BRIEF:
Of all the lines below, return only those starting with the line holding "Foto 7. Carro de bueyes" and going on through the line holding "A continuación se", exactly as written.

MATERIAL TO PROCESS:
= Beginning of Section =

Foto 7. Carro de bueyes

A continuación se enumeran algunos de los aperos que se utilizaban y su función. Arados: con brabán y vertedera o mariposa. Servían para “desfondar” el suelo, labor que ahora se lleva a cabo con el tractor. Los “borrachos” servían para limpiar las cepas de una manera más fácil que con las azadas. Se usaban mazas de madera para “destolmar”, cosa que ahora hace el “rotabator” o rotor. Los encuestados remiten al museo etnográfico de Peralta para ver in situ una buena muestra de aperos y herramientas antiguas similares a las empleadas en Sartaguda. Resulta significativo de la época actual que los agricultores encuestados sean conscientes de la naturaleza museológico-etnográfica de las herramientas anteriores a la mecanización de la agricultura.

= End of Section =
= Beginning of Section =

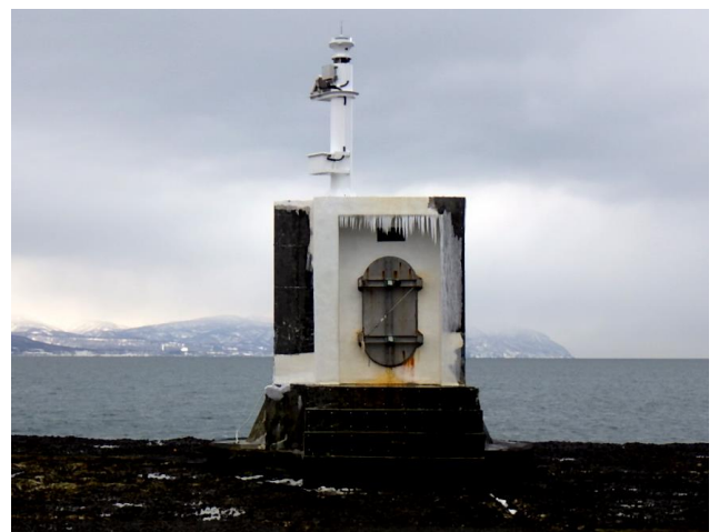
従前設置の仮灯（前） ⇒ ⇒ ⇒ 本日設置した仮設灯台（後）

= End of Section =

RESULT OF THE EXERCISE:
Foto 7. Carro de bueyes

A continuación se enumeran algunos de los aperos que se utilizaban y su función. Arados: con brabán y vertedera o mariposa. Servían para “desfondar” el suelo, labor que ahora se lleva a cabo con el tractor. Los “borrachos” servían para limpiar las cepas de una manera más fácil que con las azadas. Se usaban mazas de madera para “destolmar”, cosa que ahora hace el “rotabator” o rotor. Los encuestados remiten al museo etnográfico de Peralta para ver in situ una buena muestra de aperos y herramientas antiguas similares a las empleadas en Sartaguda. Resulta significativo de la época actual que los agricultores encuestados sean conscientes de la naturaleza museológico-etnográfica de las herramientas anteriores a la mecanización de la agricultura.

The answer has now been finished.